We will bill your medical insurance for any office services provided; if your insurance plan determines that the service is not covered, you will be responsible for its full charge.  If your insurance fails to pay the submitted claim within 30 days, you will be responsible for the amount charged.  You are also responsible for checking with your insurance plan for any prior authorization required.  If your insurance denies the claim for lack of prior authorization, you will be responsible for the full charge of the service.  If we do not accept your health insurance, or if you do not have insurance, you will be responsible for the full charge of the service prior to your visit. 
 
PAYMENTS:

We only accept the following methods of payment: cash, MASTERCARD OR VISA.  We do not accept DISCOVER or checks at the front desk. 

If you have a deductible plan, you are responsible for paying your medical expenses out of pocket until you reach the deductible.  After that you may still be responsible for a percentage of the cost (coinsurance) until you reach an out of pocket maximum. 

We will contact your insurance company prior to your appointment to determine whether your deductible or out of pocket maximum has been met.  If not,  we will be collecting payment from you at the time of service.  Failure to pay a deductible, coinsurance or copay at the time of service may result in the cancellation of your appointment and be considered a missed appointment.  There will also be a $15 late fee added to your account.  The costs for visits at our office is determined by your insurance company, and these rates can vary by plan.  We encourage all patients who have a deductible plan to enroll in a Health Spending Account (HSA). We accept HSA Visa and MasterCard for payment.
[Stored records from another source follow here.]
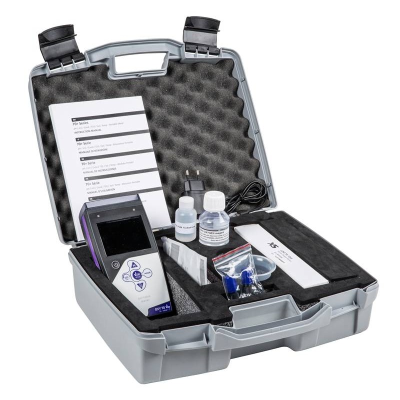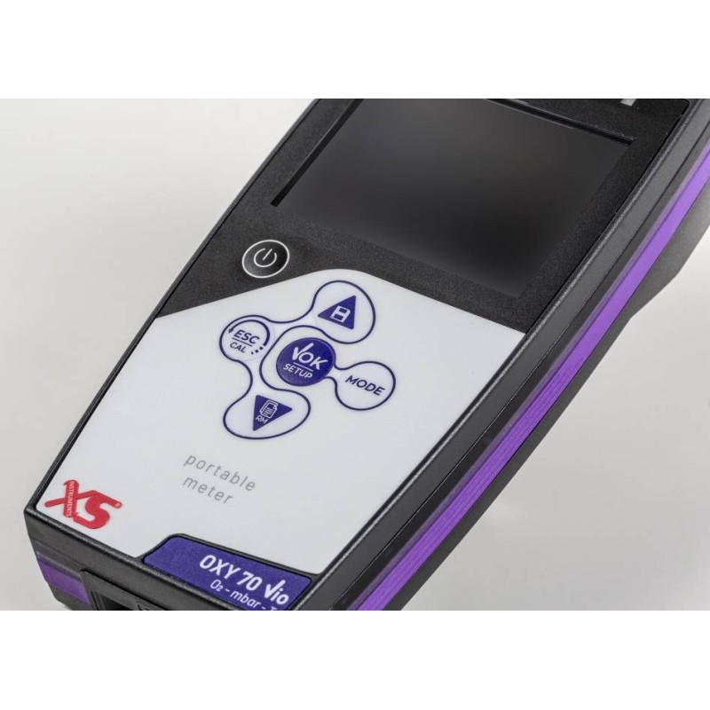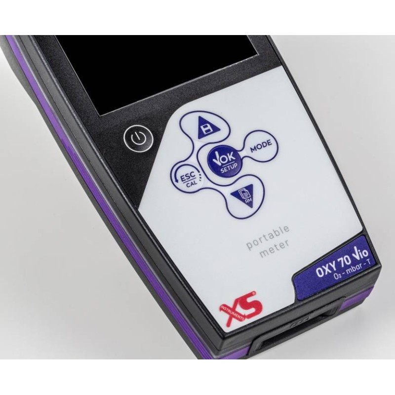 XS OXY 70 Vio Ossimetro portatile digitale con microprocessore a tripla alimentazione (tramite PC, rete e batteria) con uscita USB per collegamento a PC, compensazione automatica della temperatura, della pressione barometrica e manuale della salinità. Completo di sensore ottico Ossigeno, data logger per 1000 dati e sofware per gestione misure da PC.
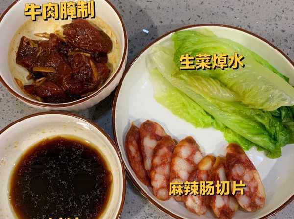 1、大米用水浸泡30分鐘,麻辣腸切片,牛肉切片加薑絲、少許生抽、蠔油、花生油醃制,生菜焯水。
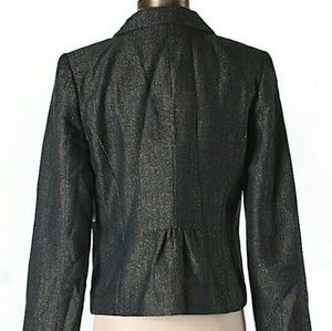 Absolutely adorable! This blazer is NEW and has all tags(including spare button). Shimmer metallic, combined with the ruffle back and hugged waist makes this for a very feminine style. Looks great with skirt or jeans. Thank you
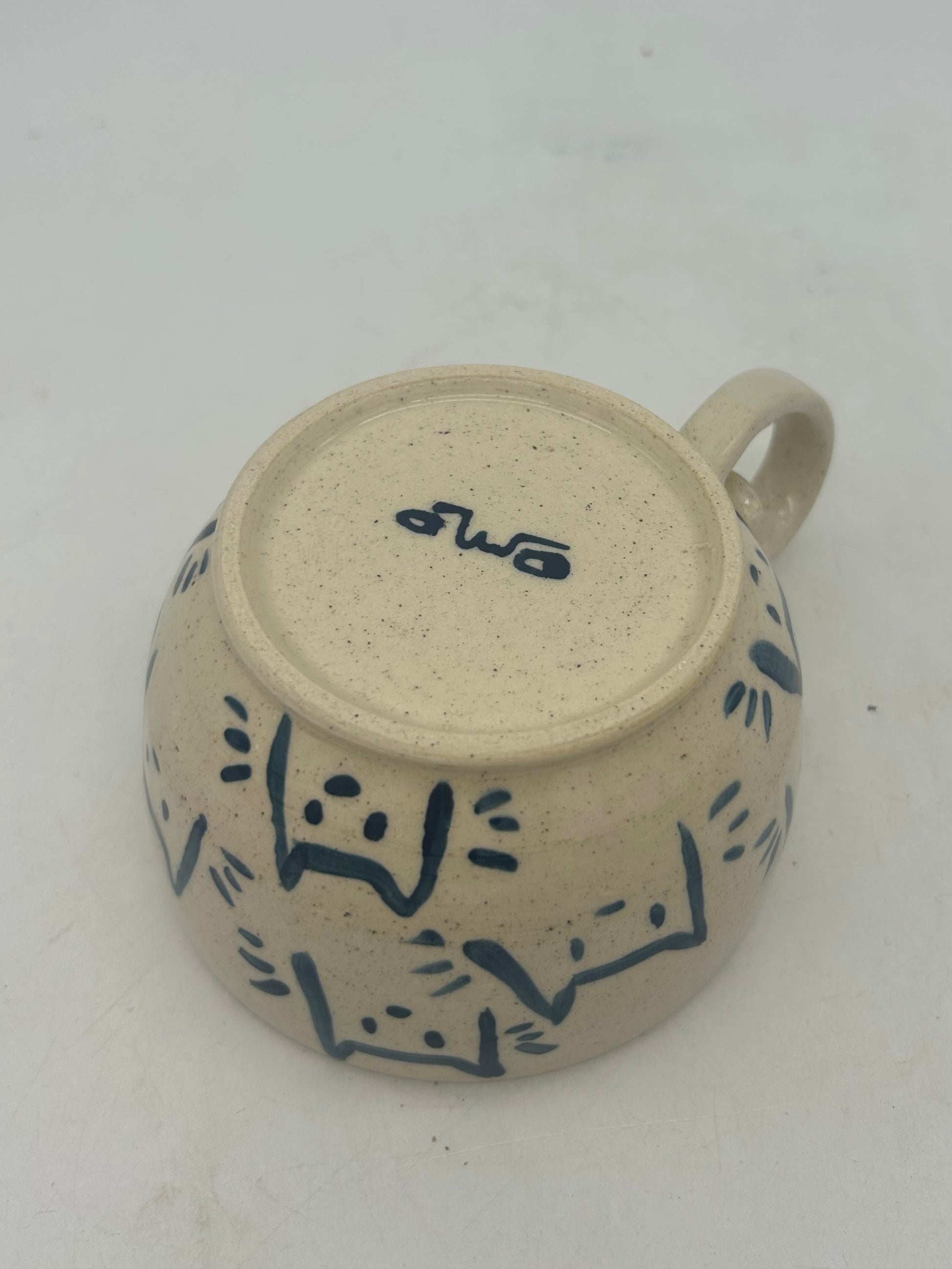 Hand made with white stoneware and painted with blue underglaze. Approx 3.5” in height and 3.5” in diameter. Food safe and microwave safe, hand washing recommended for longevity! =^-^=
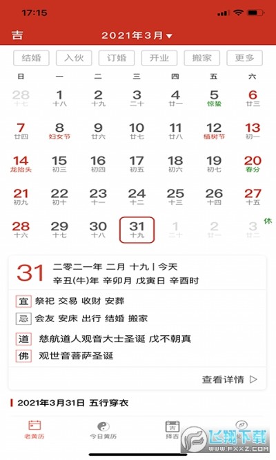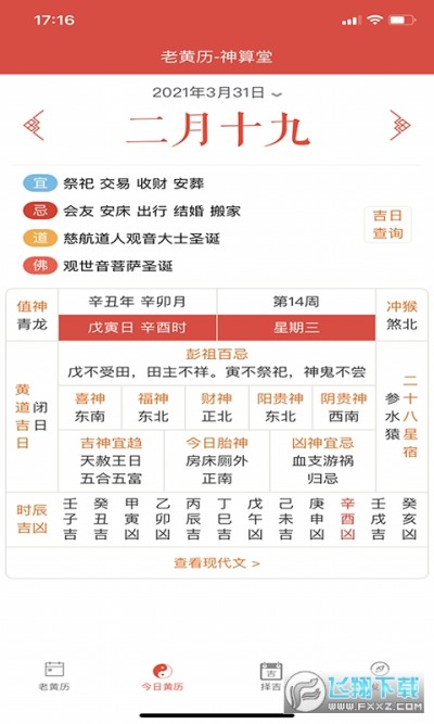 神算堂老黄历是一款掌上日历软件,上面会显示农历日历等,还有很多特殊的节日也会显示,用户可以根据自己的需求常看详细的日历信息,还可以仆算黄道吉日什么的很方便!

Mailed checks returned for insufficient funds will result in a $25 returned check fee added to your account.


APPOINTMENTS: 

Your appointment time is reserved especially for you and it is your responsibility to notify us if you are unable to keep your scheduled appointment.  If you fail to notify us of cancellation at least 48 hours prior to a scheduled appointment, or if you do not show for a scheduled appointment, we will charge your account the full amount of the visit, ranging from $100-$175.  This fee is due prior to your next scheduled appointment.  This fee may be waived one time per calendar year in case of an emergency.  If there is a second emergency cancellation in a calendar year, you will be charged for the second cancellation.  In order to be compliant with our 48 hour cancellation policy, you must cancel your appointment by 5:00 pm two business days prior to the scheduled appointment.  For your convenience, we have a 24 hour answering machine; messages are time stamped and cancellation messages will need to be compliant with our policy.  If you are charged for three No Shows and/or Late Cancellations in one year, you will be subject to dismissal from the practice.

If you arrive late for a scheduled appointment, we reserve the right to reschedule your appointment and charge you for a missed appointment. 

MEDICATIONS: 

We require an office visit a minimum of every 3 months and will prescribe a maximum 3 month's supply of medications for non-controlled substances.  For controlled substances, we require an office visit every 30 days if the medication is being used regularly and not on an "as needed" basis. It is the responsibility of the patient to ensure our office is directly notified of medication refill requests ONE WEEK prior to running out of a medication.  We require that patients contact our office directly for requests and you may leave a message on our dedicated refill request line.   We do not process medication refill requests after hours, on weekends or holidays. 

 

Please ask if you have any questions regarding our office policies.  Please contact Member Services at your insurance company if you have questions about your insurance plan.